The immediate medical significance of the forehead bumps is unclear from the footage Price shared. Dermatologists commonly describe two short-term phenomena after toxin injections: mild edema at injection sites and small mound-like wheals where fluid collects in the superficial tissue, both usually resolving within hours to days. Infections, allergic reactions or product misplacement are less common but more serious, typically accompanied by redness, warmth or pain and requiring assessment. Price did not report systemic symptoms in her captions, and by presenting the bumps with humour she appeared to signal that she considered them transient; still, the posts landed against a backdrop of “health worries” that made many viewers read them more gravely.
Her decision to soundtrack the clips with “My Humps” and to film tight close-ups of the swelling ensured that the images would travel. Aggregator accounts clipped the key seconds and fed them into the social-video economy, where context often collapses and a facial close-up becomes the whole story.
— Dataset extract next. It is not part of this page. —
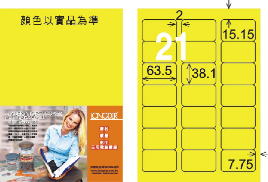 商品名稱:龍德 LD-817-FY-C A4雷射影印標籤 螢光黃 / 包

Within hours the posts had been reframed by entertainment sites as evidence of “Botox gone wrong,” a simplification that Price’s own caption had made easy even if the reality was more prosaic. That dynamic—self-aware provocation followed by amplified worry—is a pattern that has defined several of her recent cycles of attention.
What sets this episode apart is the timing. In the weeks leading up to the “humps” video, Price had described nights in hospital and alluded to “cancer fears” linked to the same finger that required surgery in 2002. That history, however remote, gives her followers little appetite for ambiguity when new symptoms or complications appear, even if they are unrelated to her earlier diagnosis. It also means that ordinary cosmetic after-effects risk being interpreted through a more ominous lens, with comment threads sliding quickly from jokes to warnings.
Price’s public stance remains consistent: she will continue to document her choices and update fans when she has medical answers. Last year she cast her on-camera candour as a form of accountability, telling followers that “everybody’s noticed” improvements when she sticks to a regimen of exercise and diet, and implying that cosmetic top-ups are a complement to, not a substitute for, that work. The latest reaction underscores how little control any celebrity can exert once images escape their own channels. Even sympathetic commenters asked whether a pause on non-essential procedures might ease anxiety until doctors resolve the questions she has raised herself.
For now, the images stand as a snapshot of a complicated public life in which health, aesthetics and commerce are tightly braided. Price’s face—reshaped, scrutinised, monetised—has long been both brand and battleground. The bumps that drew so much attention this week may fade in days; the larger conversation they reignited about her wellbeing will likely linger, shaped as much by her next set of posts as by any formal medical update. She has built a career on meeting a curious audience halfway, offering just enough intimacy to keep them invested. In doing so, she has also taught that audience to treat each new mark or measurement as a clue. Whether those clues add up to something more than a transient reaction to injections remains, as ever with Price, a story she will tell in her own time and on her own feed.